Keberadaan tahu hingga kini masih tetap digemari masyarakat mulai dari tingkatan sosial rakyat hingga pejabat, betul bukan? Nah…sebelum tahu-tahu tadi dikonsumsi ternyata makanan yang berasal dari kedelai ini mengalami proses pembuatan cukup unik dan menarik. Menariknya apa? Ayo sehat dengan kundalini reiki ajak Anda melihat ke pabriknya sambil mencicipi tahu di tengah udara mendung kota Jakarta.

Siapa yang tidak kenal tahu? Makanan yang biasanya dijadikan lauk pauk dan makanan selingan ini selain harganya murah meriah juga digemari oleh masyarakat banyak. Tahu yang dikonsumsi ini memiliki berbagai jenis nama dan macamnya. Ada tahu Bandung, tahu China, tahu Jambi, tahu Goreng dan tahu Sumedang.

Beda antara tahu goreng dan tahu Sumedang adalah pada tahu goreng sering digunakan untuk sayur sedangkan tahu Sumedang umumnya langsung dimakan dengan cabai rawit sebagai bumbu selingan. Tapi dari rasa tadi tahukah Anda bagaimana proses pembuatan tahu ini? Umumnya proses pembuatan tahu ini cukup sederhana dan tradisionil.

Industri pabrik tahu merupakan industri yang di bilang cukup tradisional, walaupun ada sebagian yang sudah dikerjakan dengan alat – alat modern, tapi sebagian besar pabriik tahu di Indonesia masih menggunakan alat –alat tradisional.

Awalnya kedelai sebagai bahan baku tahu dicuci dan direbus. Setelah kedelai masak atau empuk , kedelai-kedelai ini digiling dengan menggunakan penggiling hingga menjadi lembut yang diistilahkan aci. Selanjutnya aci ini direbus kembali dan hasil rebusan yang kedua kali ini diendapkan untuk selanjutnya di saring, dicetak serta didinginkan.

Proses mencetak tahu dalam wadah ukuran bujur sangkar atau empat persegi panjang. Setelah keras tahu dikeluarkan dari cetakan.

Selesai proses ini barulah tahu-tahu ini dapat digoreng. Untuk jenis tahu Bandung proses pembuatannya sama saja namun agar tahu ini mempunyai warna khas sebagai tahu Bandung maka ditambahkan pewarna asli dari kunyit. Kunyit yang sudah bersih ditumbuk hingga halus kemudian diletakkan ke dalam kain penyaring. Kemudian kain penyaring ini dimasukkan ke dalam air rebusan hingga air rebusan berwarna kuning kunyit.

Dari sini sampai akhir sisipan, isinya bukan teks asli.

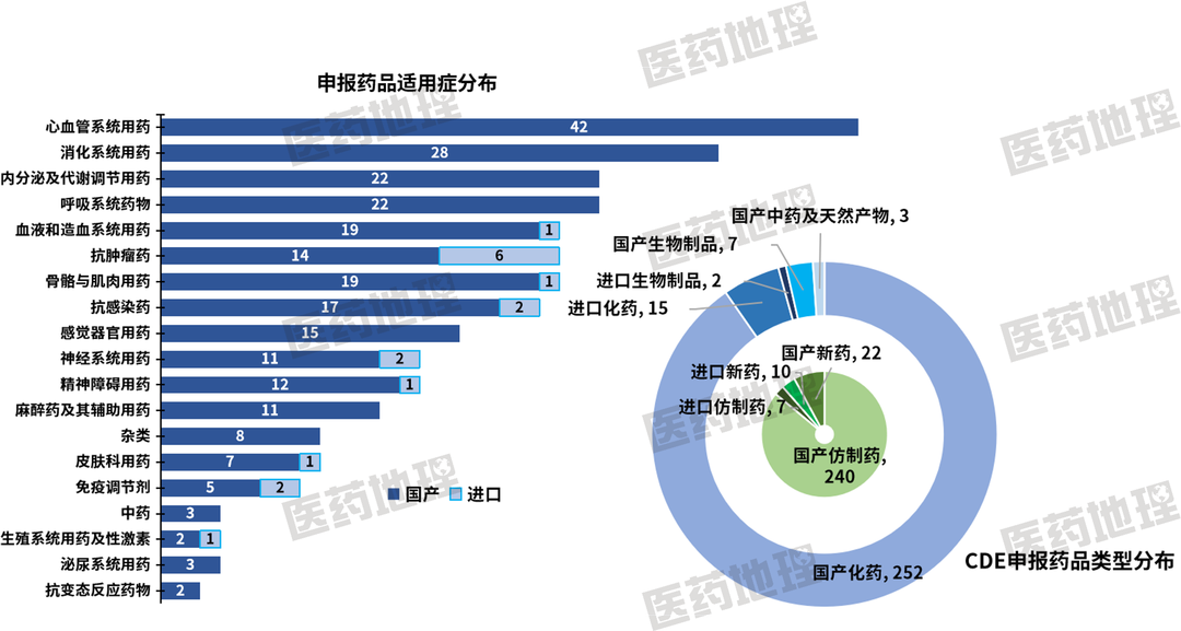 针对国内上市申请药品,据CPM新药研发监测数据库统计,在2023年9月份,按受理号计,国家药品审评中心CDE新受理生产/上市注册申请药品,其中心血管系统用药最多42件,消化系统用药排名第二28件。按照药品国产进口类别统计,国产化药252件,国产生物制品7件,进口化药15件,进口生物制品2件。按照国产进口药品创新程度分类,国产仿制药240件,国产新药22件,进口仿制药7件,进口新药10件。

Tahu yang telah dicetak dimasukkan dan direbus kembali hingga tahu berubah warna menjadi kuning kunyit. Tahu yang sudah menyerap warna kuning kunyit ini lalu diangkat dan didinginkan. Akhirnya tahu pun siap dipasarkan ke konsumen penggemar tahu baik di desa atau di kota. Ampas dari sisa pembuatan tahu ini bisa digunakan untuk ternak sapi.

Menurut Haji Dindin salah seorang perajin tahu mengatakan bahwa kedelai yang digunakan sebagai bahan baku tahu merupakan kedelai import yang didatangkan dari Amerika. Sebenarnya kedelai dalam negeri pun tidak kalah mutunya dibandingkan dengan kedelai import dari Amerika ini.

Pabrik tahu milik Pak Haji yang didirikan sejak tahun 1989 ini memproduksi hingga 400 tahu goreng dan tahu Bandung per hari. Dari produksinya ini tahu-tahu tersebut dipasarkan ke beberapa pasar tradisional di Jakarta. Saat ini harga di pasaran untuk satu potong tahu goreng dihargai 150 rupiah per potong, sedangkan untuk tahu Bandung 400 rupiah per potong.

Pertanyaan sehat dengan kundalini reiki kepada pembaca semua, “Sudahkan untuk hari ini saja Anda mengkonsumsi tahu sebagai lauk pauk ataukah Anda juga sering masak sayur tahu sebagai menu harian yang terhidang di meja makan?”